20. August 2011

Zitat des Tages: "Die jungen Männchen waren fasziniert von den Morden". Jane Goodall über Krieg und Kannibalismus bei Schimpansen

ZEITmagazin: In Ihrem ersten Buch beschrieben Sie die Schimpansen noch als Wesen voll Fürsorglichkeit, Mutterliebe und Intelligenz. Und nun stellten Sie fest, dass Sie es mit Kannibalen zu tun hatten.

Goodall: Es war ein Schock. Ich hatte gedacht, sie sind wie wir, nur netter. Die erste Ahnung, wie brutal sie sein können, bekamen wir, als eine Studentin eine Schimpansenmutter beobachtete und zusehen musste, wie ein Weibchen einer Nachbargruppe die Mutter angriff und ihr Baby umbrachte. Die Angreiferin sah zu, wie das Opfer an den Wunden starb; anschließend verspeiste sie das Kind. Dann kam ein vierjähriger Krieg. Eine Gruppe von Schimpansen, die bis dahin friedlich zusammengelebt hatte, teilte sich, und die beiden neuen Gemeinschaften kämpften ums Territorium. Wann immer die Männchen ein Tier der anderen Horde erwischten, brachten sie es um.

ZEITmagazin: Bei Menschen nennt man das ethnische Säuberung – ein schrecklicher Ausdruck.

Goodall: Es war furchtbar zu sehen, wie ähnlich sie uns sind. Die jungen Männchen waren fasziniert von dem Morden. Sie wollten zusehen, wenn ein anderer starb.
Aus einem Interview des Wissenschaftsjournalisten Stefan Klein mit der Primatologin Jane Goodall im Magazin der aktuellen "Zeit".

Kommentar: Soviel zu der weitverbreiteten Legende, die Neigung von Menschen zu Krieg und Grausamkeit sei nicht angeboren, sondern das Produkt gesellschaftlicher Verhältnisse.

"Ich hatte gedacht, sie sind wie wir, nur netter", sagt Goodall. Diese Vorstellung vom unschuldigen Schimpansen ist eine Variante des Glaubens an den Edlen Wilden in der Tradition Rousseaus, an die friedliche "Urgesellschaft" der Marxisten, gar an ein Ur-"Matriarchat".

Die Natur, der ursprüngliche Mensch werden in dieser Mythologie als gut angesehen; das Böse wird als etwas gedeutet, daß erst durch die Kultur (im Marxismus: die Arbeitsteilung; im Feminismus: die Herrschaft des Mannes) in die Welt kam.
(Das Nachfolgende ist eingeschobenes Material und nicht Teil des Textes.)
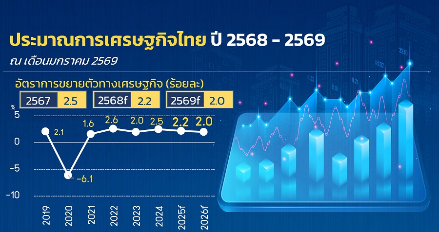 ศก.ไทยปี 2568 คาดว่าจะขยายตัวที่ร้อยละ 2.2 โดยได้รับปัจจัยสนับสนุนจากมาตรการกระตุ้น ศก. การเร่งรัดการเบิกจ่ายงบประมาณภาครัฐ และการส่งออกที่ดีกว่าคาด สำหรับปี 2569 คาดว่าจะขยายตัวที่ร้อยละ 2.0 ท่ามกลางความท้าทายจากมาตรการภาษีตอบโต้ทางการค้าของสหรัฐ

Also muß man - so lautet die Folgerung - nur Gleichheit unter den Menschen herstellen, und das Böse wird wieder verschwinden.

Das war und ist die Grundlage der Ideologie, unter deren Herrschaft das Böse im Menschen schreckliche Triumphe gefeiert hat; von Lenin und Stalin über Mao und Pol Pot bis Kim Jong-il.